::: Given records
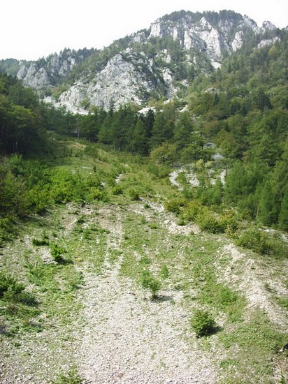 bolj strme in ozke gorske doline ali grape v širšo in položnejšo
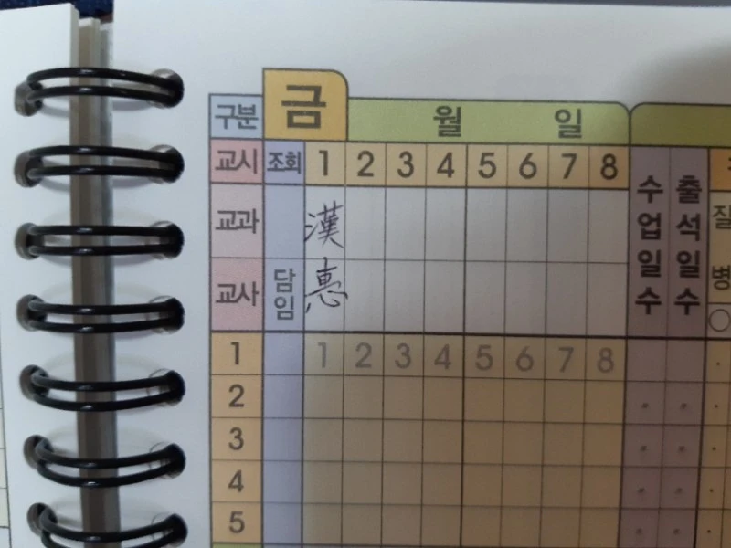 그때부터였을까요. 출석부에 과목이랑 제 이름 한자를 또박또박 쓰고 싶었던 꿈이. 작은 학교 교무보조원일 때 선생님들이 출석부를 잊으시면 반에 갖다 드리곤 했습니다. 그러면서 꿈이 더 커졌습니다.
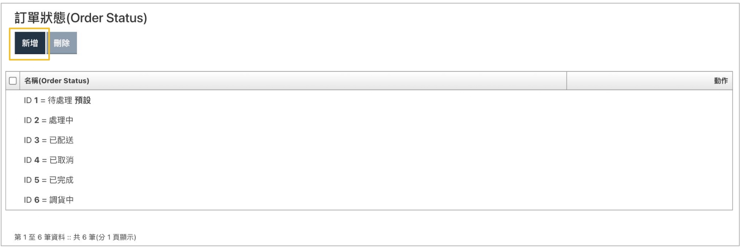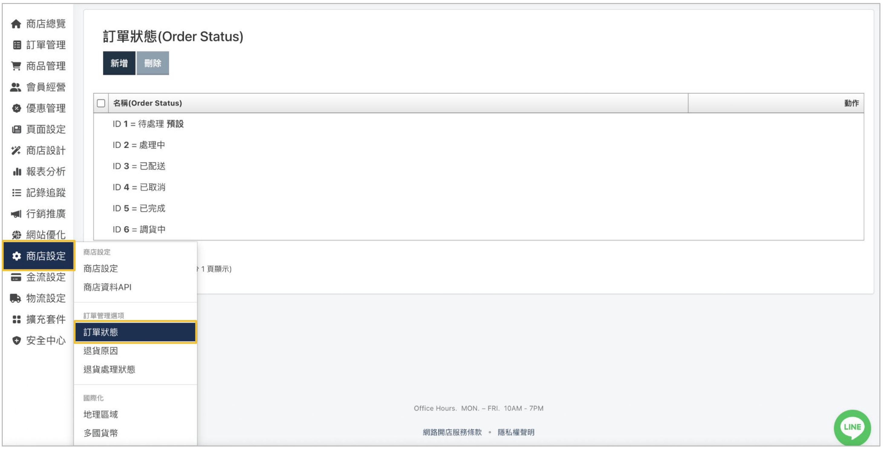 步驟一、管理後台「商店設定 > 訂單狀態」
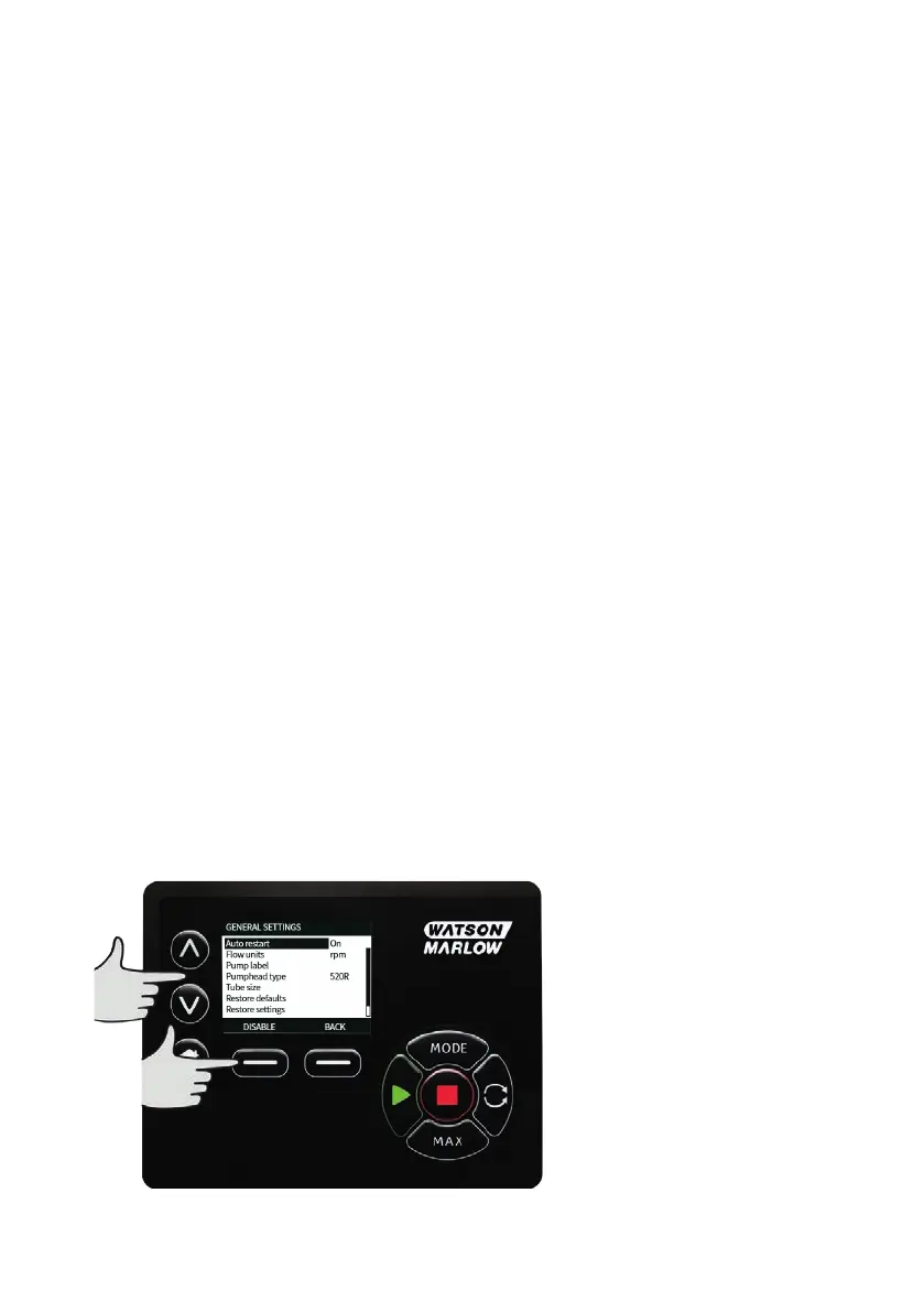 Press ENABLE/DISABLE to turn the auto restart feature on/off (Manual mode, network mode and
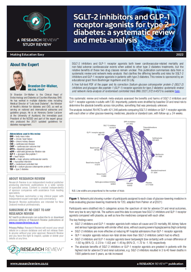 SGLT-2 inhibitors and GLP-1 receptor agonists both lower cardiovascular-related mortality and non-fatal adverse cardiovascular events when added to other type 2 diabetes treatments, but the relative benefits of these two drug classes remain unclear. This publication summarises data from a systematic review and network meta-analysis that clarifies the differing benefits and risks for SGLT-2 inhibitors and GLP-1 receptor agonists in patients with type 2 diabetes. This review is sponsored by an educational grant from Boehringer Ingelheim and Eli Lilly. A free full-text PDF of the paper and its correction Sodium-glucose cotransporter protein-2 (SGLT-2) inhibitors and glucagon-like peptide-1 (GLP-1) receptor agonists for type 2 diabetes: systematic review and network meta-analysis of randomised controlled trials BMJ 2021;372:m4573 is available here.
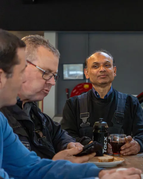 Tijd voor een welverdiende koffiepauze. Samen met zijn collega’s komt Soerinder bijeen in de showroom. Het team is hecht, ze kunnen alles met elkaar bespreken.
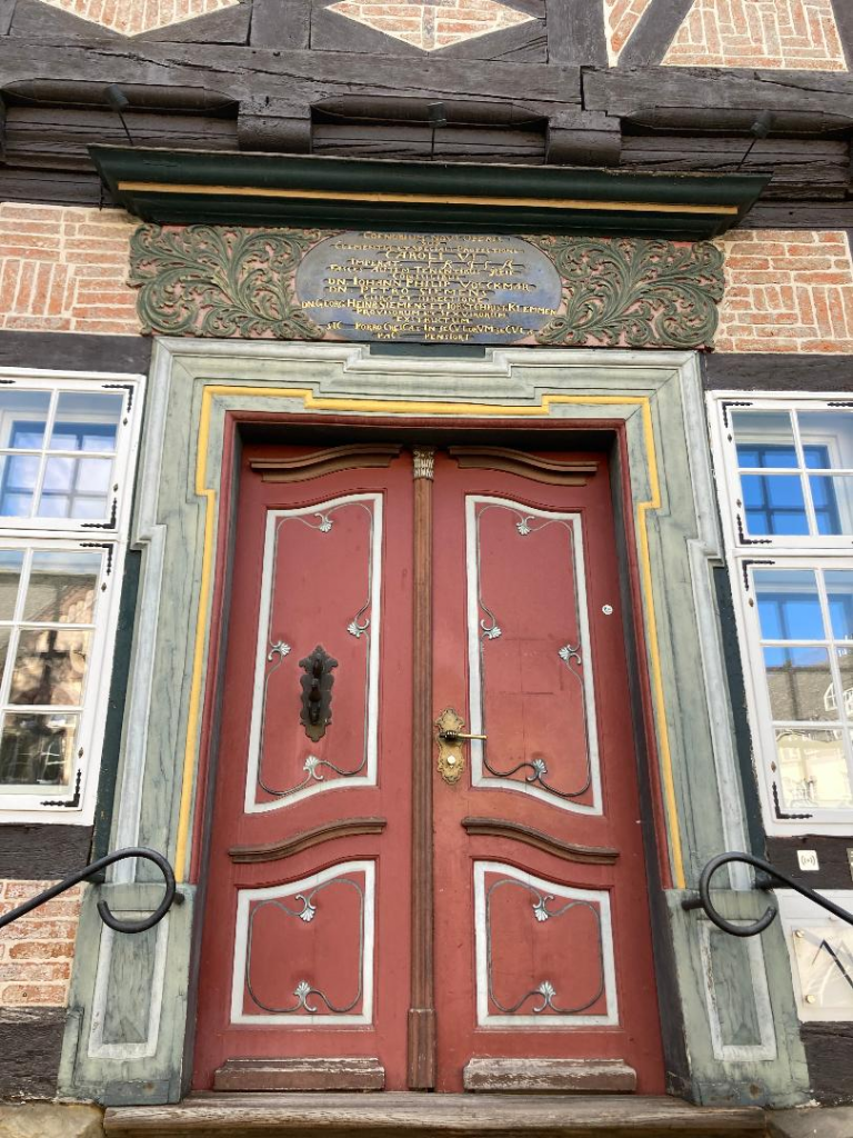 Foto Bernd Oei: Goslar, Tür und Fachwerkaus aus dem 17, Jahrhundert in der Rosentorstraße 27 A, heute Sitz von Gebäudemanagement und Denkmalpflege
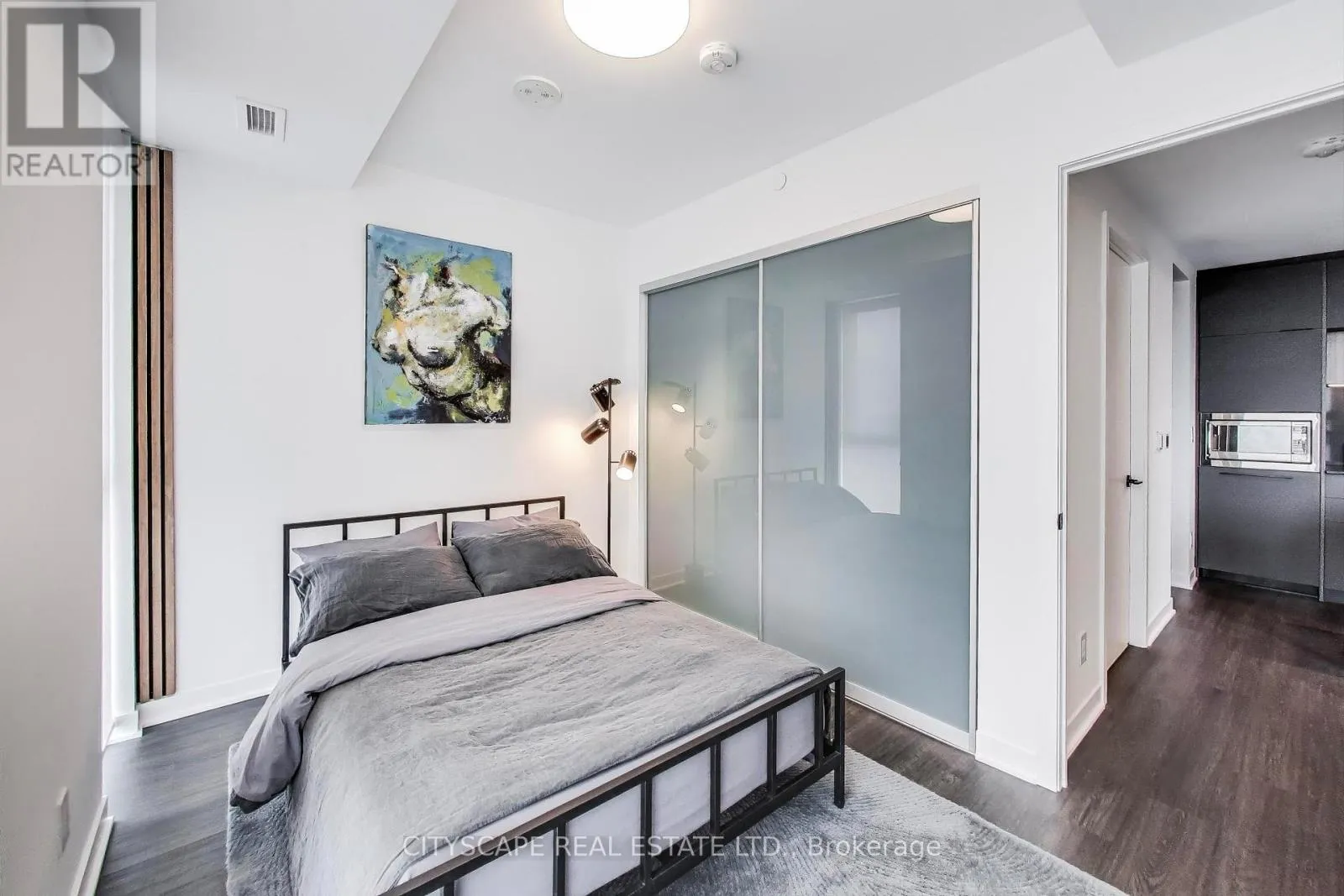 The modern open-concept kitchen is equipped with integrated Fulgor Milano appliances and flows seamlessly into the bright living area, creating an inviting space for entertaining. The spacious primary bedroom includes a large closet with built-in organizers and comfortably fits additional storage like a dresser.Located in a vibrant, walkable neighbourhood in the city's sought-after west end, you're just steps to charming cafés, casual dining, and everyday essentials including Wychwood Farmers' Market, LCBO, and No Frills. Commuting is effortless with excellent transit access via the 512 streetcar and multiple bus routes-making this an ideal opportunity in the Toronto condo market. (id:27476)
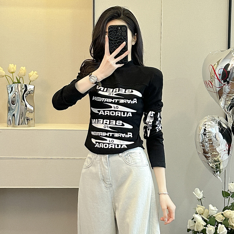 半高领紧身短款长袖T恤女春秋季新款修身显瘦甜酷辣妹打底衫上衣
::::::
(What you will do) Leave the pictures out and reproduce exactly the lines from the top of the listing above through the line with "Press ENABLE/DISABLE to".

(Problem solution)
 bolj strme in ozke gorske doline ali grape v širšo in položnejšo
 그때부터였을까요. 출석부에 과목이랑 제 이름 한자를 또박또박 쓰고 싶었던 꿈이. 작은 학교 교무보조원일 때 선생님들이 출석부를 잊으시면 반에 갖다 드리곤 했습니다. 그러면서 꿈이 더 커졌습니다.
 步驟一、管理後台「商店設定 > 訂單狀態」
 Press ENABLE/DISABLE to turn the auto restart feature on/off (Manual mode, network mode and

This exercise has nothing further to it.